I know how to calculate(a) and (b) but I don't know how to calaulate(c), so just show the calculation of (c) is enough. thx~
Maths problem of variation[急]
2009-08-04 5:16 am
回答 (2)
2009-08-04 5:42 am
✔ 最佳答案
(a) Let y=Ax+Bx^2Sub. x=42, y=79800. When x=50, y=75000
79800=42A+1764B
75000=50A+2500B
So from (2) 1500=A+50B=>A=1500-50B
Sub, into (1) 79800=42(1500-50B)+1764B
=>79800=63000-2100B+1764B
=>B=-50
A=4000
So y=4000x-50x^2
(b) Sub. x=45, we have y=78750
(c)
y
=4000x-50x^2
=-50(x-40)^2+80000
2009-08-04 5:46 am
As a demonstration, let y = 4x^2 + 6x + 5 [actual value should be those in part (a)].
y = 4x^2 + 6x + 5
= 4(x^2 + 6x/4) + 5
= 4(x^2 + 3x/2) + 5
= 4[(x + 3/4)^2 - (3/4)^2] + 5 ( 3/4 is HALF of 3/2 and having same sign.)

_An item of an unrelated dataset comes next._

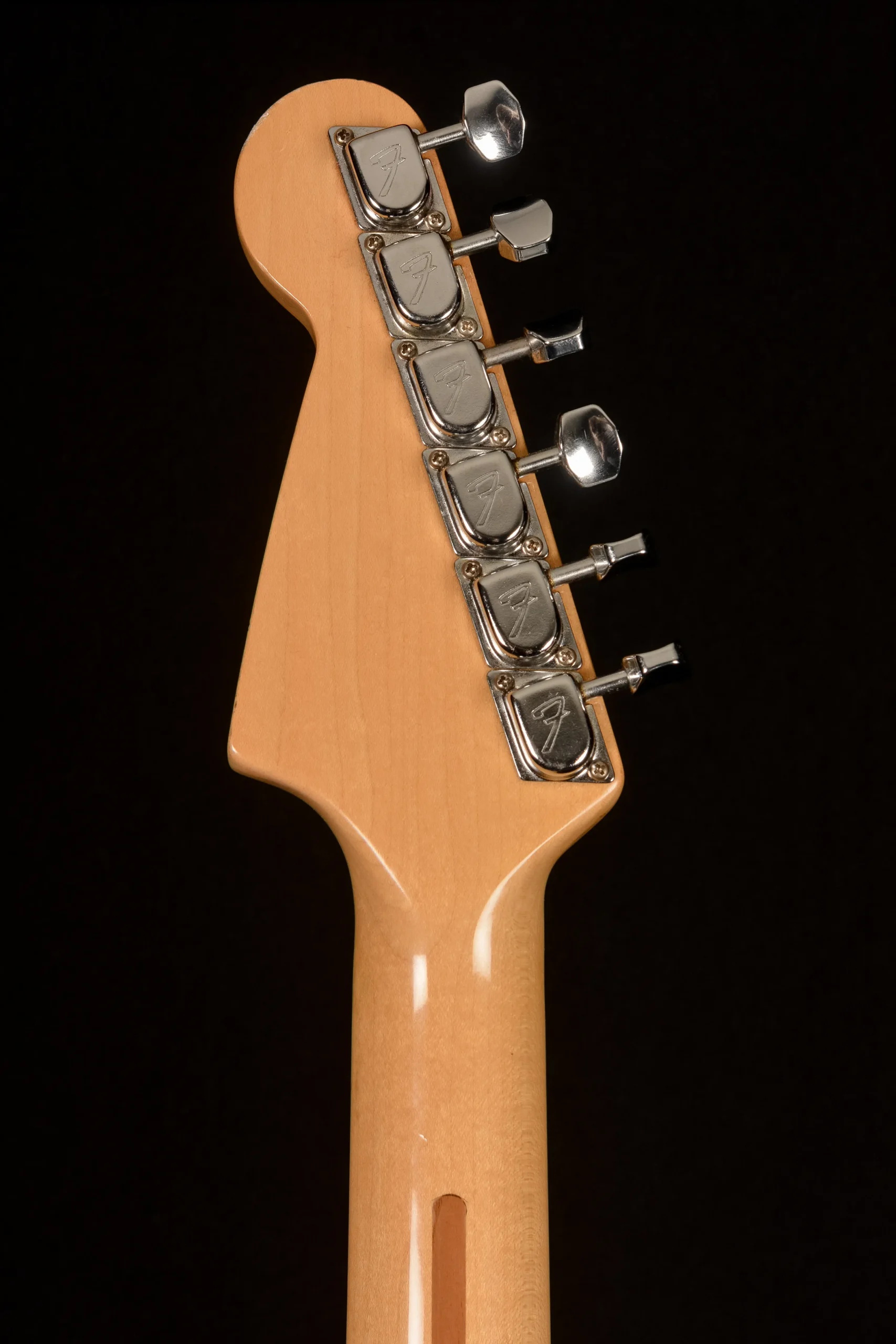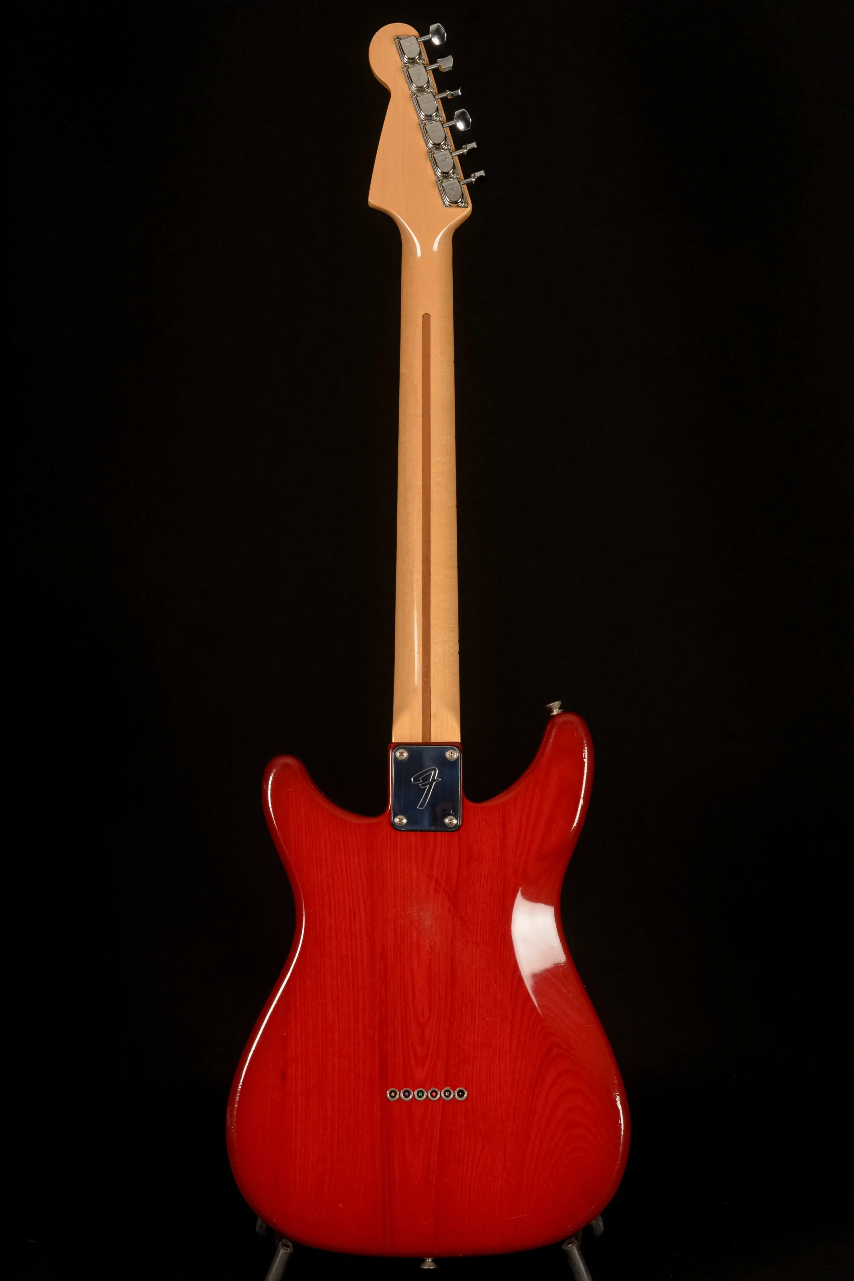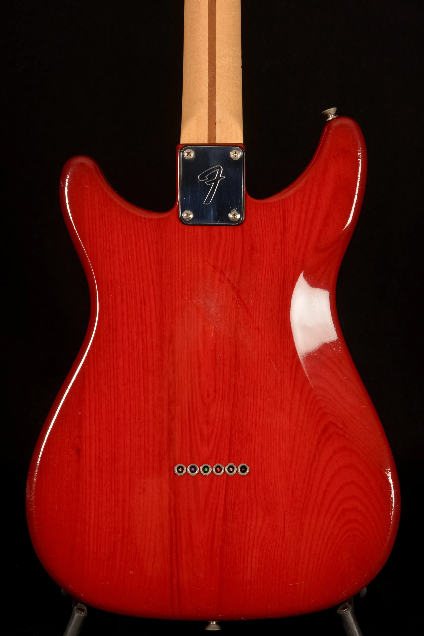 - Neck plate: Fender “F” plate

= 4[(x + 3/4)^2 - 9/16] + 5
= 4(x + 3/4)^2 - 9/4 + 5
= 4(x + 3/4)^2 + 11/4.
so in this case, a = 11/4, b = 4 and c = 3/4.
same method can be applied to any quadratic function y.
y = 4x^2 + 6x + 5
= 4(x^2 + 6x/4) + 5
= 4(x^2 + 3x/2) + 5
= 4[(x + 3/4)^2 - (3/4)^2] + 5 ( 3/4 is HALF of 3/2 and having same sign.)
= 4[(x + 3/4)^2 - 9/16] + 5
= 4(x + 3/4)^2 - 9/4 + 5
= 4(x + 3/4)^2 + 11/4.
so in this case, a = 11/4, b = 4 and c = 3/4.
same method can be applied to any quadratic function y.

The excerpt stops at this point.